### [Problem details]
Copy nothing but the lines from the one containing "매출은 전년 대비 45.5%" through the last line of the records, repeated exactly and without pictures.

··· Dataset extract

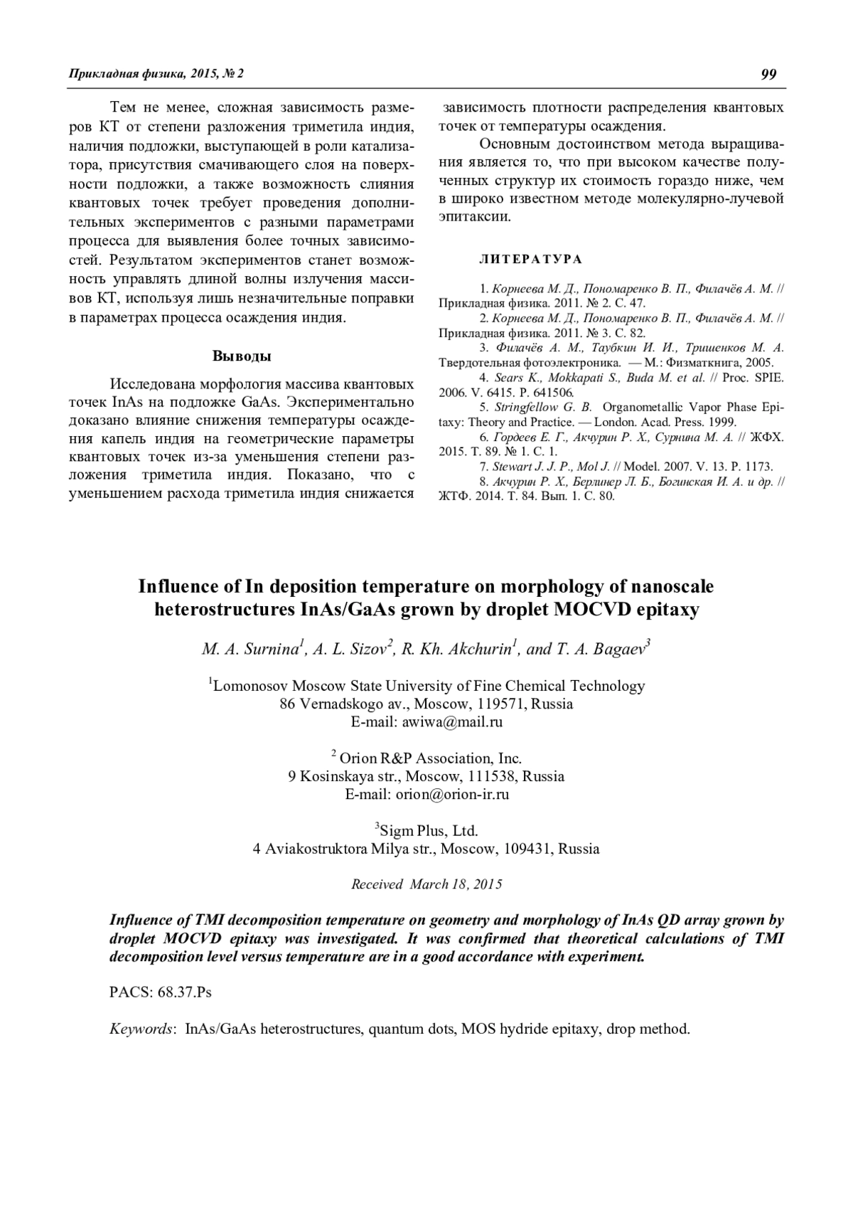 M. A. Surnina, A. L. Sizov, R. H. Akchurin, I. V. Yarodskaya, and T. A. Bagaev Influence of In deposition temperature on mor-phology of nanoscale heterostructures InAs/GaAs grown by droplet MOCVD epitaxy 97
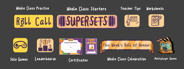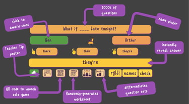 Roll Call in-class teaching tool for whole class or small groups, which is built using the same pedagogical principles as our games, to build fluency and automaticity in SPAG;
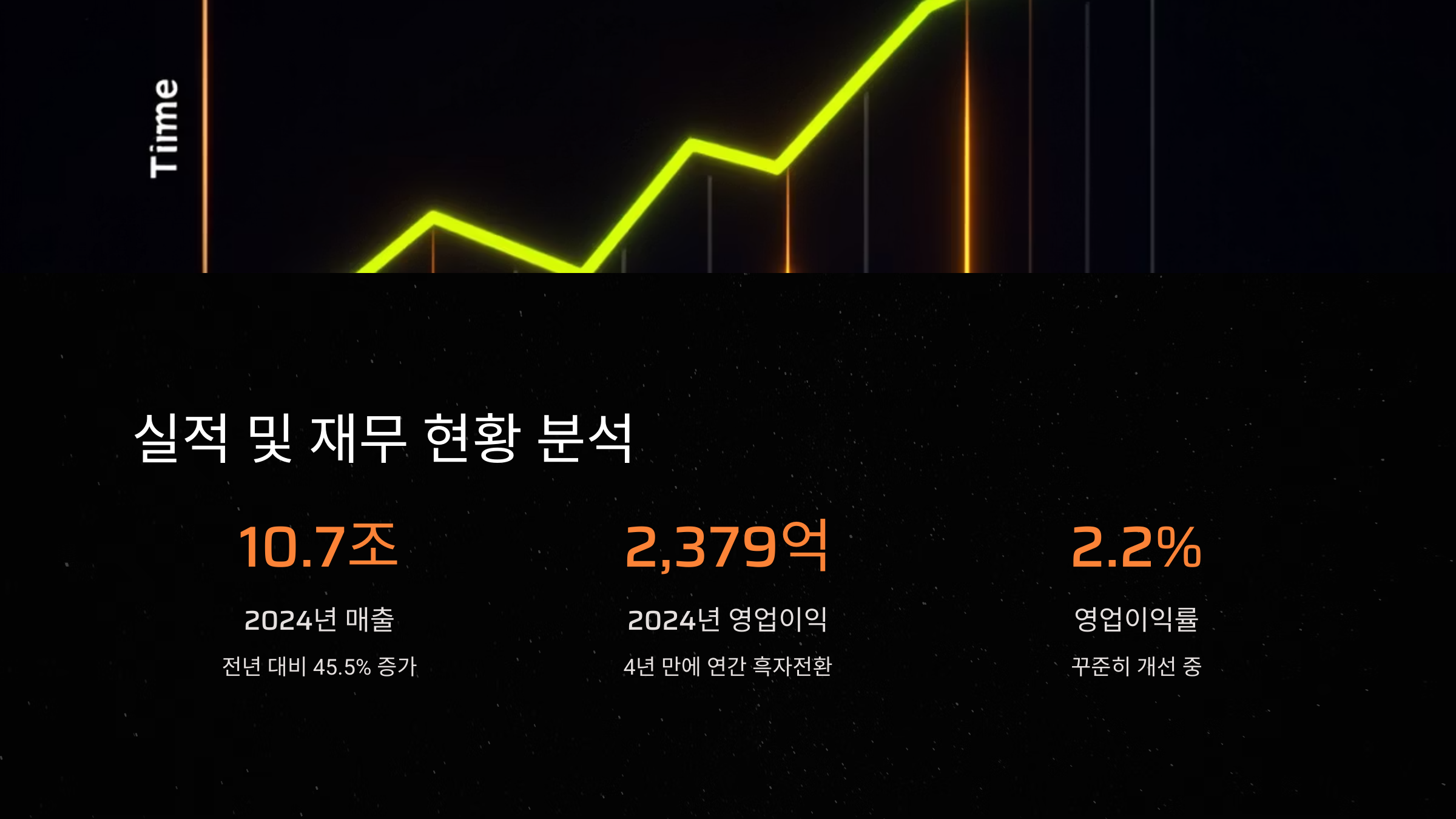 매출은 전년 대비 45.5% 증가, 영업이익률도 2.2%로 꾸준히 개선되고 있습니다.
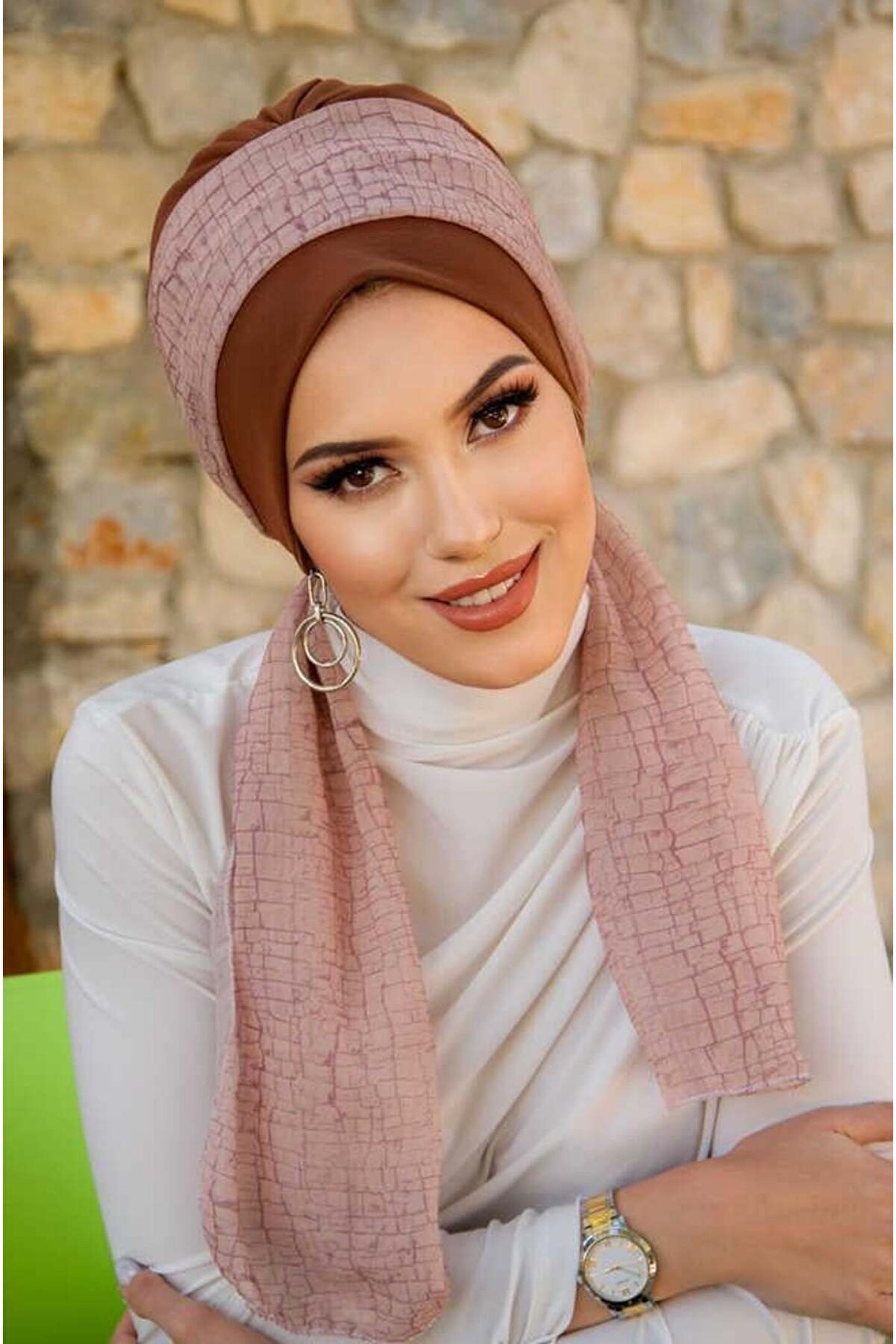 Aişe tesettür Karamel Bej Desen Fularlı Bone
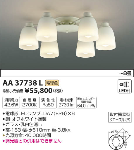 | 補足・注意事項 | ◆消費電力:42.6W ◆色温度:2700K ◆演色性:Ra80 ◆光源寿命:40,000時間 ◆調光器との併用はできません ※色温度:2700K |
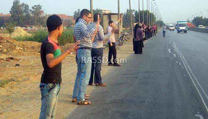 ونظم اهالي الشهداء سلسلة بشرية ضد الانقلاب على طريق الشهداء دراجيل رافعين شارات رابعة

······

### [Result below]
 매출은 전년 대비 45.5% 증가, 영업이익률도 2.2%로 꾸준히 개선되고 있습니다.
 Aişe tesettür Karamel Bej Desen Fularlı Bone
 | 補足・注意事項 | ◆消費電力:42.6W ◆色温度:2700K ◆演色性:Ra80 ◆光源寿命:40,000時間 ◆調光器との併用はできません ※色温度:2700K |
 ونظم اهالي الشهداء سلسلة بشرية ضد الانقلاب على طريق الشهداء دراجيل رافعين شارات رابعة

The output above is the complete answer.